For both data sets, we have experimentally determined the threshold \(t\) and the reduced rank \(k\) of the subsequent PCA. To compare the retrieval performance with different parameters we used the mean average precision (MAP), the mean of the precision-at-\(k\) averaged over all hit list ranks \(k \in \{1,\,...,\,100\}\), as a measure of quality. Figure 3 shows our experimental data for the RCV1-v2 data set. We can clearly see that the primary choice is the threshold \(t\), which determines the trade-off between the retrieval quality and the number of features, i.e. the computational performance. We observed that a combination of vector replacement and limited PCA performed best. However, the retrieval performance decreases dramatically for a stronger spectral dimensionality reduction.

Fig. 1
figure 1

Feature occurrence counts for the MEDLARS corpus—depicted along with the quartiles, the sampling mean and the cut-off threshold for rare features. The vertical line indicated by the arrow shows the dividing line between rare and common features

Fig. 2
figure 2

Feature occurrence counts for the Reuters Corpus Volume I Version 2—depicted along with the quartiles, the sampling mean and the cut-off threshold for rare features. The vertical line indicated by the arrow shows the dividing line between rare and common features

Fig. 3
figure 3

Impact of the Subsequent Rank Reduction—visualized with the mean average precision (MAP) computed for the top 100 search results on the RCV1-v2 corpus (see above). Every curve depicts a vector replacement reduction with the threshold \(t\) given as the relative number of documents. The rightmost measurement of every curve shows the retrieval performance without a spectral dimensionality reduction, all others include the subsequent PCA. The horizontal line indicated by the arrow shows the performance baseline

For the MEDLARS collection, we have computed the replacement vector matrix for all features occurring in less than 1 % of all documents on an Intel Xeon E5520 CPU clocked at 2.27 GHz in just under 1.9 s using Algorithm 1 or 2.6 s with Algorithm 2. As we have previously indicated, we can expect a slight performance degradation with the single-sweep algorithm on such a small document collection because of the overhead of the vectorized processing. Our reduction produced a reduced corpus matrix \(C'\) with 1,136 features containing 750,903 non-zero features, now being 63.99  % dense. Lastly, we computed a rank-500 dimensionality reduction of \(C'\) via a principal component analysis on the biased 1,136 by 1,136 feature covariance matrix, producing a third corpus matrix \(C''\) with 500 features. We conducted three runs on these three versions of the corpus: (1) retrieval using the vector space model without term weighting on the sparse vectors in the corpus \(C\), (2) on the vector replacement dimensionality reduction \(C' = R_E C\), and (3) on a the rank-reduced corpus \(C''=QC\).
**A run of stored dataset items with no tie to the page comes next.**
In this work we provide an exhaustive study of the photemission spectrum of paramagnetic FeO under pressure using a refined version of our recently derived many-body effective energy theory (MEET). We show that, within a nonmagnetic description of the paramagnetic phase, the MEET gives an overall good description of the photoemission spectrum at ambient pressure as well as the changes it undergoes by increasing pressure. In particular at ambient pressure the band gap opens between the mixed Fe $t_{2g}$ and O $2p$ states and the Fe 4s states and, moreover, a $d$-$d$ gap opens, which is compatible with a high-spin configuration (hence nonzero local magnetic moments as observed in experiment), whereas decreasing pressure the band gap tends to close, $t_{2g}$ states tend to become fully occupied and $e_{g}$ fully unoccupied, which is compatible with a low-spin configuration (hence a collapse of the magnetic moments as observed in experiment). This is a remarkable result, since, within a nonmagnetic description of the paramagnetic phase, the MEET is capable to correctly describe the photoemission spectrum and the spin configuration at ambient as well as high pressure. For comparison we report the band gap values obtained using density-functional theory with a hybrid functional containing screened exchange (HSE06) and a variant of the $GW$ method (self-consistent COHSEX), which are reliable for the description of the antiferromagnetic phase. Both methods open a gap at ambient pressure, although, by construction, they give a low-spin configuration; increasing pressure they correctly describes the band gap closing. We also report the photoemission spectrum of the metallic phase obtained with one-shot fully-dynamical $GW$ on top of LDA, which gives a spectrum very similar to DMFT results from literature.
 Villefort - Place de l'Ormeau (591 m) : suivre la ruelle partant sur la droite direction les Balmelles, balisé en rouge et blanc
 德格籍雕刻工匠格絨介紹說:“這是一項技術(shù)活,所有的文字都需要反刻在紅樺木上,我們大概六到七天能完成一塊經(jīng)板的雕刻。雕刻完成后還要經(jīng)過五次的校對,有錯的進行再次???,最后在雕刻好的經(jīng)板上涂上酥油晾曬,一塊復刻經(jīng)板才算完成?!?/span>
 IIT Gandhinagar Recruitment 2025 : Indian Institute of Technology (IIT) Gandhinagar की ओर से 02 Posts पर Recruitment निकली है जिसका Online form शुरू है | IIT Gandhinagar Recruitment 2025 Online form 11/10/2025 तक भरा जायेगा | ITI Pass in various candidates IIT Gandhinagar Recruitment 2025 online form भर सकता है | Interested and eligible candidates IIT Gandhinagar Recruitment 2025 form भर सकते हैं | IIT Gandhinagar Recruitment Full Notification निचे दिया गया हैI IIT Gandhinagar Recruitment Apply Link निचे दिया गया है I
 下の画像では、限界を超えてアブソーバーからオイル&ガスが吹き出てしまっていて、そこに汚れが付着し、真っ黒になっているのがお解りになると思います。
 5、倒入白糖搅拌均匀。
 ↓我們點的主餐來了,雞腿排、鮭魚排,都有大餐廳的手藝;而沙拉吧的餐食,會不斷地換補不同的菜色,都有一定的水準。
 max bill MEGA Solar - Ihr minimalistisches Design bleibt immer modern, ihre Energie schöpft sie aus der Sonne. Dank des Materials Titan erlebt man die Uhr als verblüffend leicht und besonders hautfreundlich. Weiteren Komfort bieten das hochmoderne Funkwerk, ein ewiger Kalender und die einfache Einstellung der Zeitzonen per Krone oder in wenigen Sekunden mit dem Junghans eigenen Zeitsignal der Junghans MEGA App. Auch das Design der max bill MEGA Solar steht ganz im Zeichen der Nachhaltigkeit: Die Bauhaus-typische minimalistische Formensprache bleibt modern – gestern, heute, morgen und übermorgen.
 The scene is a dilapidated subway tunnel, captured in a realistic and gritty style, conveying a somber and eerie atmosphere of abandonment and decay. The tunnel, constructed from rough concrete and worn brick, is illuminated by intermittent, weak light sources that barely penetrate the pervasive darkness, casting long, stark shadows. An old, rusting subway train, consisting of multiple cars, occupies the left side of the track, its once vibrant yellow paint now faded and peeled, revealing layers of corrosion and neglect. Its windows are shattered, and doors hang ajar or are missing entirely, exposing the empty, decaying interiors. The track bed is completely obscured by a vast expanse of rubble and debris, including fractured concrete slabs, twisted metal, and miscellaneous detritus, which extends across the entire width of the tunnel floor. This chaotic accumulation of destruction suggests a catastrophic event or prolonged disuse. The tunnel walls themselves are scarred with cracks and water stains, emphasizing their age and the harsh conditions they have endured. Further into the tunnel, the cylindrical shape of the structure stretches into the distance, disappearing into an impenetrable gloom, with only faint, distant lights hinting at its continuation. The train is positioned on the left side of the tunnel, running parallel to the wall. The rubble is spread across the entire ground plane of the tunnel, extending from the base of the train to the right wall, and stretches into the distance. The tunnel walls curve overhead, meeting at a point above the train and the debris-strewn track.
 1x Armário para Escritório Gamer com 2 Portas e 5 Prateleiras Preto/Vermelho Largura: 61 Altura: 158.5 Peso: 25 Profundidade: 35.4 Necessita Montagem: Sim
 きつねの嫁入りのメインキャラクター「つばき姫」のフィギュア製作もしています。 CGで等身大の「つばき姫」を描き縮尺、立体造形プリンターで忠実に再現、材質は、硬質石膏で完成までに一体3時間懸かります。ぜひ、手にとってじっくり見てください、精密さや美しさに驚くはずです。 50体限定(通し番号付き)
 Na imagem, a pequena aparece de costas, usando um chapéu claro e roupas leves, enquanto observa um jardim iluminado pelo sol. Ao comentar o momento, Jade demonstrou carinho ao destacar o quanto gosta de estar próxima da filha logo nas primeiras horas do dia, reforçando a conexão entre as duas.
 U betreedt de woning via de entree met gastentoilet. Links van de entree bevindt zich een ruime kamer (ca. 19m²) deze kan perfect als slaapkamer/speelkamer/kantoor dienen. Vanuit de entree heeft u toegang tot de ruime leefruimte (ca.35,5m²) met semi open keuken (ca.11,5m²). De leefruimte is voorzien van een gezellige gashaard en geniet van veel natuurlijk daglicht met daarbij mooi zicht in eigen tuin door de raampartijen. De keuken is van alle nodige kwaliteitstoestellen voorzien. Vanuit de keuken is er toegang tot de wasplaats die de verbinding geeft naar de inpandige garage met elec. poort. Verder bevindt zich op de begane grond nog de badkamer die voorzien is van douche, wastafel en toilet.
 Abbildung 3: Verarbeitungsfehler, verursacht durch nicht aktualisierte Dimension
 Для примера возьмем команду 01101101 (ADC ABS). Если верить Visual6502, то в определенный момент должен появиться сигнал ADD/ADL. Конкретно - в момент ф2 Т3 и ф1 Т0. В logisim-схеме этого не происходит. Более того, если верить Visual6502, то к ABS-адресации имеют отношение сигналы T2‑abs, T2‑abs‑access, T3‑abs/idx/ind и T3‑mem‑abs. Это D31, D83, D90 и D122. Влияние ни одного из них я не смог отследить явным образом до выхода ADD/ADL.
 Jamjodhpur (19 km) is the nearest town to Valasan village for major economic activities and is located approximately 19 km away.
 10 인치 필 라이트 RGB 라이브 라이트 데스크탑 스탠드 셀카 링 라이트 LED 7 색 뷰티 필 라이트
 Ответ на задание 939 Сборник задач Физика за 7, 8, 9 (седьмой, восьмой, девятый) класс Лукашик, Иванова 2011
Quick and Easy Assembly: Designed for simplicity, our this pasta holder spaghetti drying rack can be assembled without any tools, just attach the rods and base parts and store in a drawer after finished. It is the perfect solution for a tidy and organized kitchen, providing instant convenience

The data obtained during these measurements are depicted in Fig. 4. These figures indicate that the vector replacement approach succeeds in its objective of creating a reduced-dimensional representation which preserves or improves the retrieval performance. Even the limited number of documents available in the MEDLARS collection provided enough information to construct replacement vectors that stand up to a performance evaluation with the raw, sparse term frequency vectors. The subsequent rank reduction does not provide a decisive advantage in terms of retrieval performance, but it does succeed in cutting the final number of features in half without a significant loss in terms of accuracy.

Fig. 4
figure 4

Precision-at-\(k\) retrieval performance evaluation on the MEDLARS benchmark corpus with 1,033 documents and 30 sample queries. The hit list rank \(k\) was sampled from 1 to 30. This measurement has been conducted with (1) the raw, sparse term-frequency vectors, (2) the replacement vector approach and (3) the replacement vector approach with subsequent rank reduction. The data indicates that the replacement vector approach can deliver a dimensionality reduction which succeeds to preserve or improve the retrieval effectiveness on small scale document collections

Replacing all features which occur in less than 3  % of all documents of the RCV1-v2 was performed on the same CPU in under 8 min using Algorithm 1 and just under 6 min with Algorithm 1. Our preliminary measurements indicate that the single-sweep strategy does provide a speed-up for larger document collections. The reduction produced 535 features and a corpus matrix which is 99.98  % dense. We again performed a subsequent rank-reduction creating 392 features as a third representation for our evaluation.

Fig. 5
figure 5

All-documents all-categories evaluation of the precision-at-\(k\) retrieval performance on the 23,149 training documents of the Reuters Corpus Volume I Version 2 with the topic categorization. Queries have been conducted using every document as a query example. For all categories of the query example, we have scanned the hit list and considered only those documents relevant that featured the same category. The graph depicts the mean average accuracy over all documents and categories for (1) the precomputed sparse TF-IDF vectors as available in the RCV1-v2 collection, (2) the replacement vector approach and (3) the replacement vector approach with subsequent rank reduction. This exhaustive measurement indicates the ability of the replacement vector approach to preserve and improve the similarities on a large text categorization collection

Figure 5 illustrates our results, which provide a clear indication that our approach succeeds in reducing the dimensionality and improving the retrieval performance on this substantially larger data set. Here, the subsequent rank reduction manages to both cut the number of features by 50 % and further improve the precision of the vector replacement approach.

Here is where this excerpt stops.